#### DATA SEGMENT:
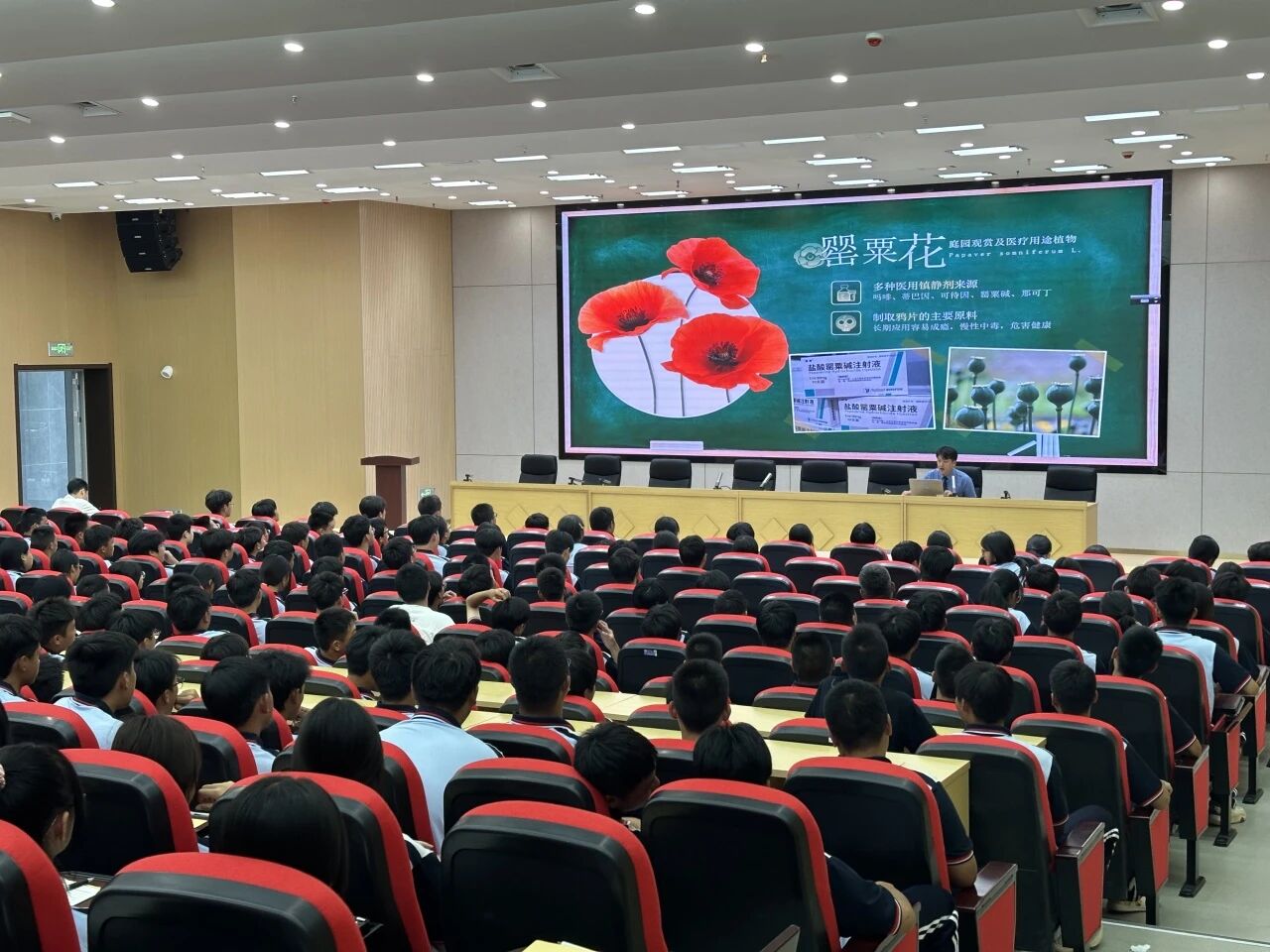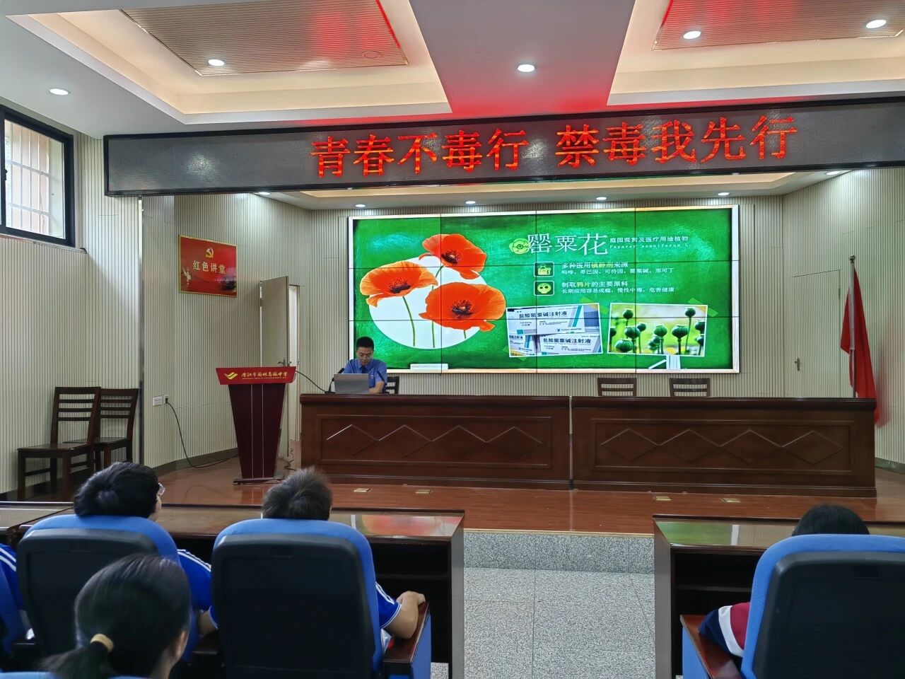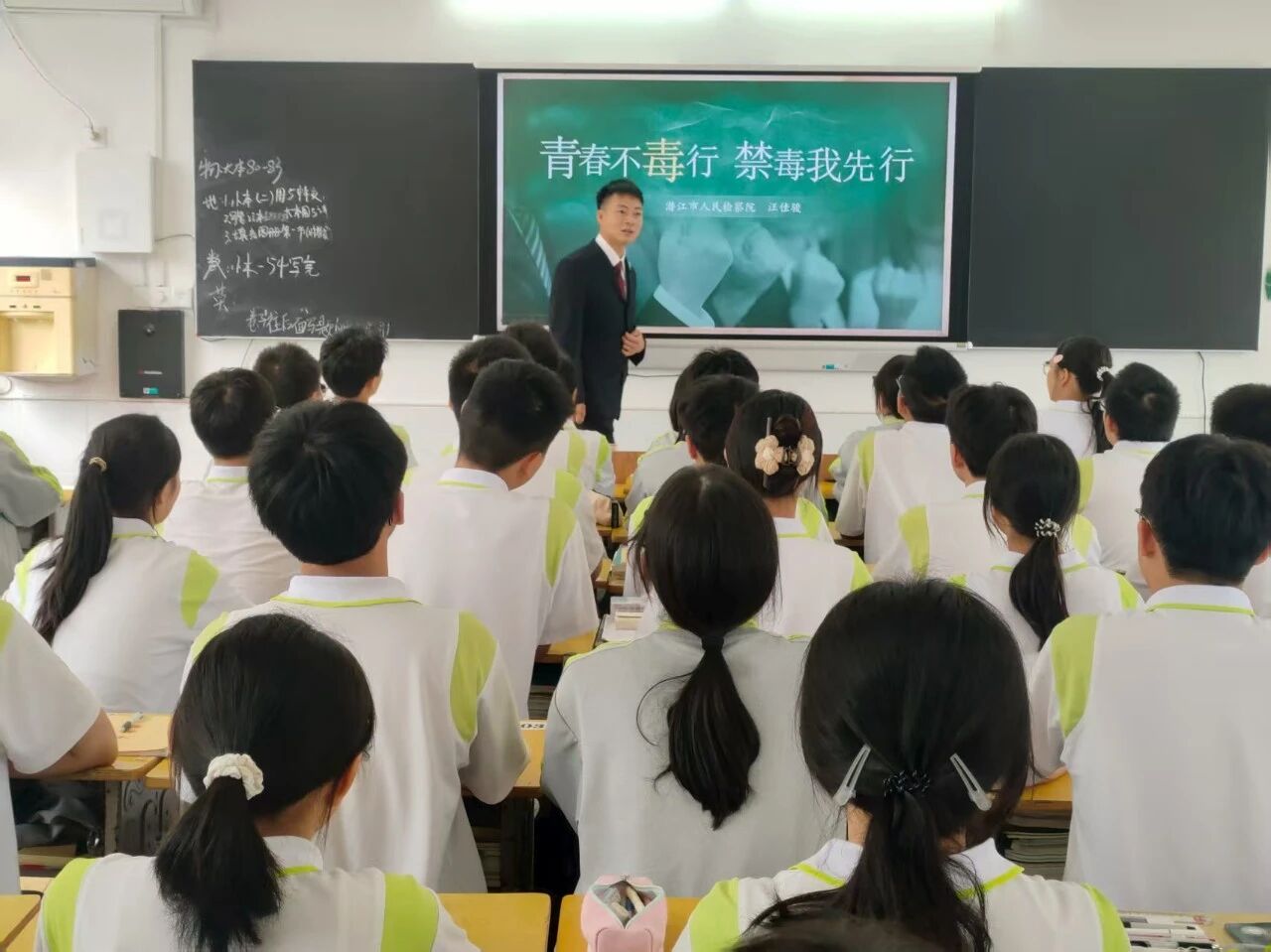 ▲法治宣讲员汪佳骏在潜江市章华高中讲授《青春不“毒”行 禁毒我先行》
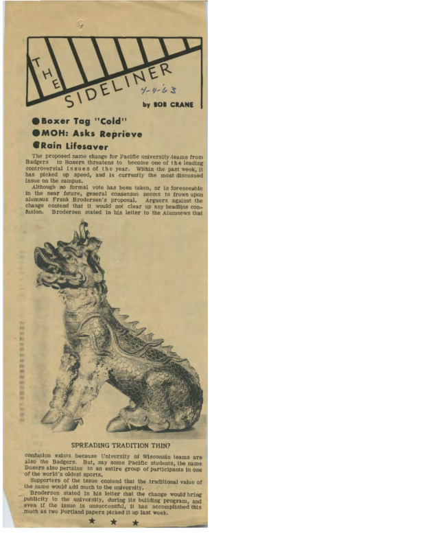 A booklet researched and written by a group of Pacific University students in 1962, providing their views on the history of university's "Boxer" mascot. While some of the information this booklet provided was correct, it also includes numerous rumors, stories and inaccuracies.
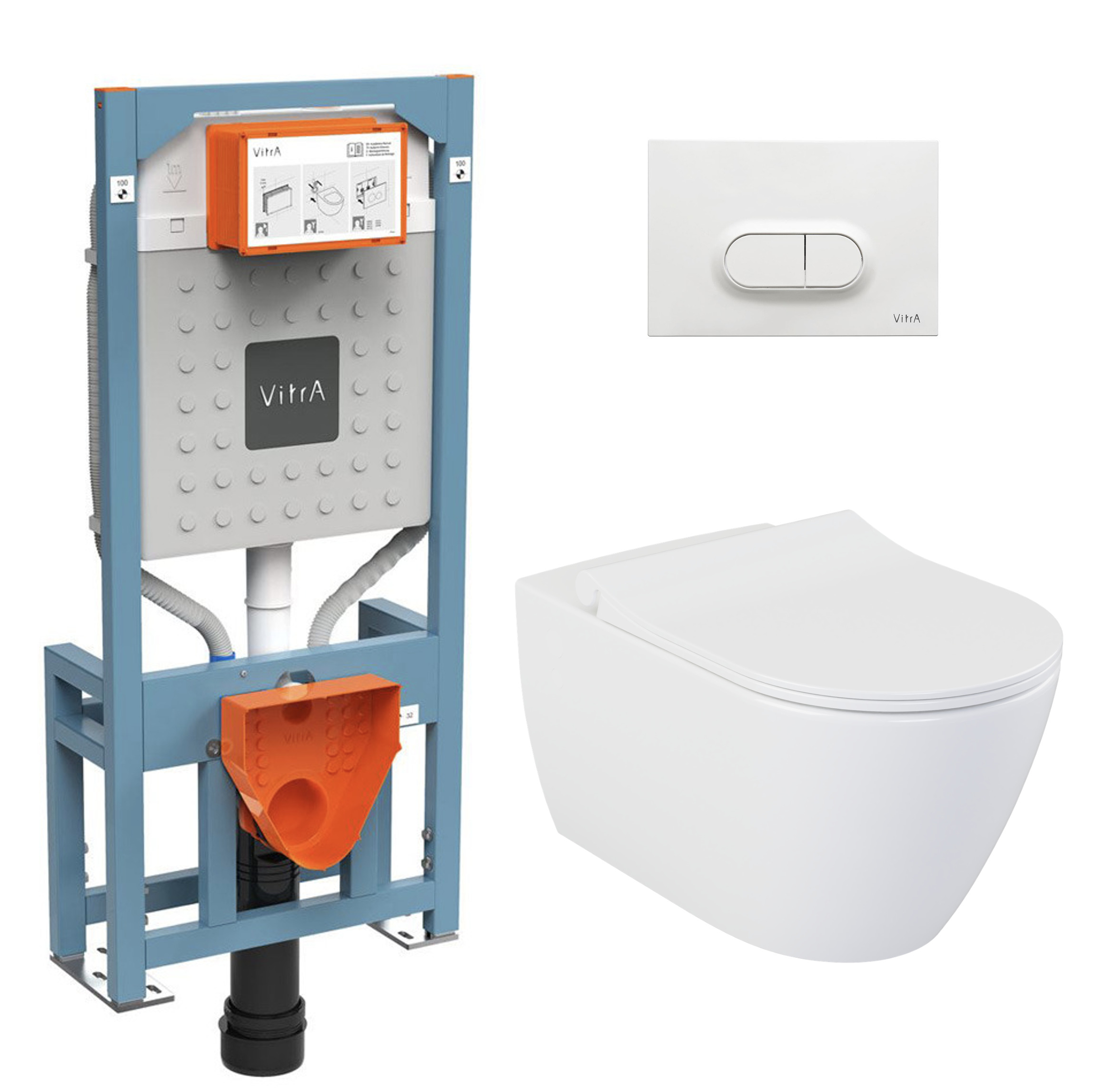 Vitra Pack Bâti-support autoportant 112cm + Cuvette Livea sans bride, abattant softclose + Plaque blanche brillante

#### WORK REQUIRED:
Since only the text is needed, retype the data above exactly and omit the pictures.

#### SOLUTION TO THIS TASK:
 ▲法治宣讲员汪佳骏在潜江市章华高中讲授《青春不“毒”行 禁毒我先行》
 A booklet researched and written by a group of Pacific University students in 1962, providing their views on the history of university's "Boxer" mascot. While some of the information this booklet provided was correct, it also includes numerous rumors, stories and inaccuracies.
 Vitra Pack Bâti-support autoportant 112cm + Cuvette Livea sans bride, abattant softclose + Plaque blanche brillante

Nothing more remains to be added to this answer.